18. The distributed database system according to claim 2, wherein
the DSN generating section and the DSN storage node determining
section are provided in the slave nodes.
19. The distributed database system according to claim 3, wherein
the DSN generating section and the DSN storage node determining
section are provided in the slave nodes.
20. The distributed database system according to claim 2, wherein
the NID allocating section allocates NID taking a value of a
natural number and an ordinal number to the key value related to
the registration request.
Description
TECHNICAL FIELD
[0001] The present invention relates to a distributed database
system including a master node for supervising a plurality of slave
nodes and having such a structure as to distribute and store a key
value in the slave nodes, and a data structure for a distributed
database.
BACKGROUND ART
[0002] From a viewpoint of a physical arrangement of a node for
carrying out a data processing, a centralized database and a
distributed database are known as a database. As the distributed
database for distributing and storing data, there is known a
database including a master node for supervising a plurality of
slave nodes and serving to distribute and store data on a key value
to the slave nodes.
[0003] As an example of the distributed database, Cited Document 1
discloses a database managing device for combining horizontal and
vertical distributions to distribute and store data. The database
managing device includes a plurality of database devices having a
hash function calculating section and a distributing function
calculating section, and a global server having a load information
collecting section and an access permission managing section. The
global server statistically executes a data processing over load
information, thereby determining an access permission including a
database device having the lowest load and an access period to the
database device. Access to the database devices is permitted based
on the access permission to be determined by the global server.

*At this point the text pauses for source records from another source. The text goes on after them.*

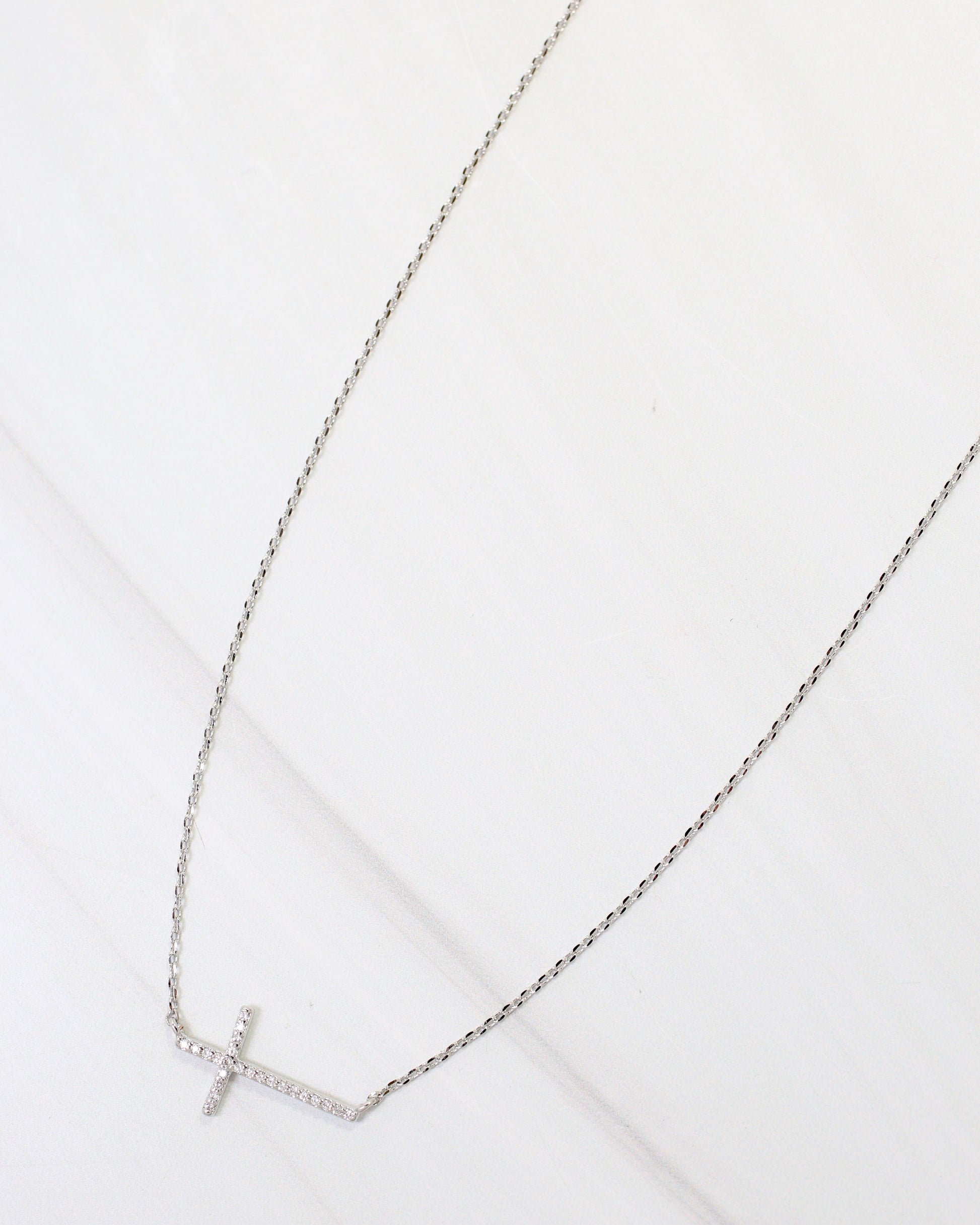 West Point CZ Side Cross Necklace Silver
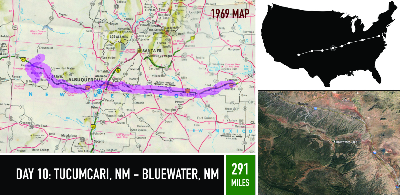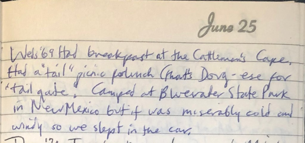 Had breakfast at the Cattleman’s Cafe. Had a “tail” picnic for lunch (that’s Doug-ese for “tailgate.” Camped at Bluewater State Park in New Mexico but it was miserable cold and windy so we slept in the car.
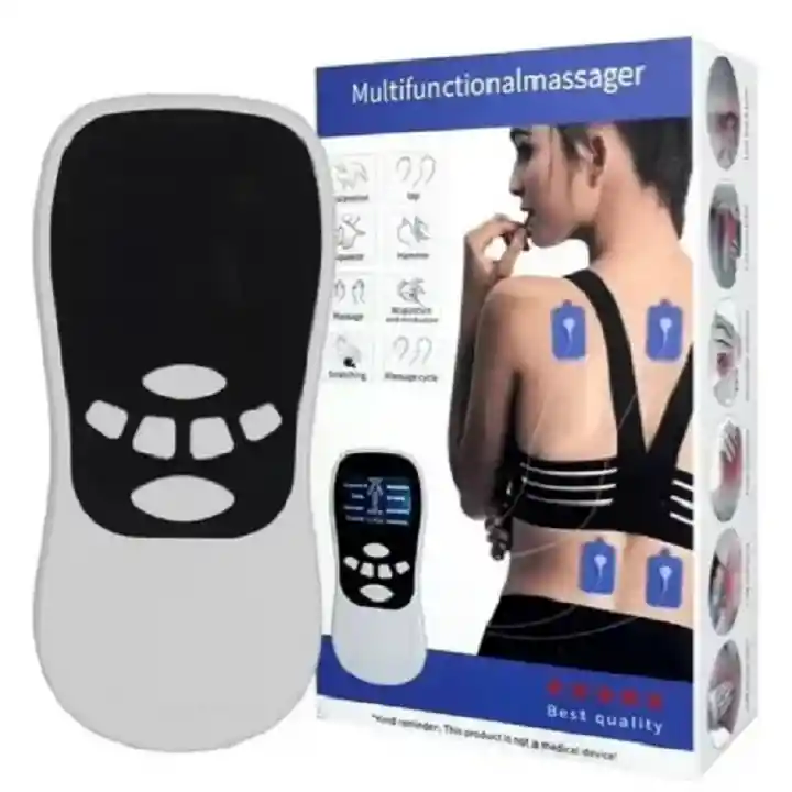 Características principales: Incluye: Dispositivo, 4 parches, 2 cables, cable USB tipo C Modos de uso: 8 programas de masaje (Tuina, Golpes, Amasar, Circular, etc.) Intensidad: 15 niveles ajustables Pantalla: LCD de fácil lectura Beneficios Destacados: Alivio de dolores en cuello, espalda, cintura, hombros y piernas. Mejora la circulación y relaja músculos tensos. Compacto y portátil: úsalo en casa, oficina o viajes. Ideal para deportistas, personas sedentarias o con estrés.

[0004] [Patent Document 1] Japanese Laid-Open Patent Publication
No. 2006-350741
DISCLOSURE OF THE INVENTION
[0005] Referring to the distributed database device according to
the Patent Document 1 which joins horizontal and vertical
distributions to distribute and store a key value in a plurality of
nodes, however, respective key values are distributed and stored at
random over a plurality of nodes without considering whether the
key values have the same value or not. In the case in which a data
manipulation is executed in the random distribution and storage, a
time delay related to a communication which is generated between
nodes is a bottleneck because the key values having the same value
distributed and stored in the nodes are mutually referred to. Thus,
it is hard to efficiently enhance a throughput of a whole
system.
[0006] The present invention has been made to solve the problem and
has an object to enable an efficient enhancement in a throughput of
a whole distributed data system.
[0007] In order to solve the problem, in the present invention,
data of distributed shared NID (DSN) related to a correspondence
relationship between a key value to be an actual value and a key
value identifier (NID) taking a unique value within a range of a
data type possessed by the key value in a whole distributed
database is distributed and stored in each of slave nodes. When the
data of the DSN is to be distributed and stored in each of the
slave nodes, one of the slave nodes serving as a storage location
is determined from the slave nodes based on a key value related to
a registration request.
[0008] According to the present invention which is constituted as
described above, each of the slave nodes is operated to use the key
value identifier (NID) obtained by referring to DSN distributed and
stored in a self-node in place of the key value to be the actual
value when executing a data manipulation such as a join operation
based on a command sent from a master node in parallel. The key
value identifier (NID) takes a unique value within a range of a
data type possessed by the key value in the whole distributed
database. In other words, the same key value takes a value of the
same key value identifier (NID). On the other hand, a storage
location for the data of the distributed shared NID (DSN) as
information about the key value is determined based on the key
value. Consequently, information about the same key value is
collected into the same slave node.
[0009] In brief, in the present invention, the information about
the same key value is intentionally distributed and stored so as to
be collected into the same slave node. In contrast to the
conventional example in which a key value having the same value is
distributed and stored across the slave nodes at random, therefore,
a communication between the slave nodes for mutually referring to
the key value having the same value is not generated at all in the
case in which a certain one of the slave nodes executes a data
manipulation such as a join operation, for instance. Consequently,
it is possible to suppress the overhead of a processing as the
whole system.
[0010] According to the present invention, therefore, it is
possible to efficiently enhance a throughput of a whole distributed
database system.
BRIEF DESCRIPTION OF THE DRAWINGS
[0011] FIG. 1 is a diagram showing an overview of a structure of a
distributed database system according to an embodiment of the
present invention.
[0012] FIG. 2A is a table showing an example of a transaction of a
sales management table in first to third slave nodes.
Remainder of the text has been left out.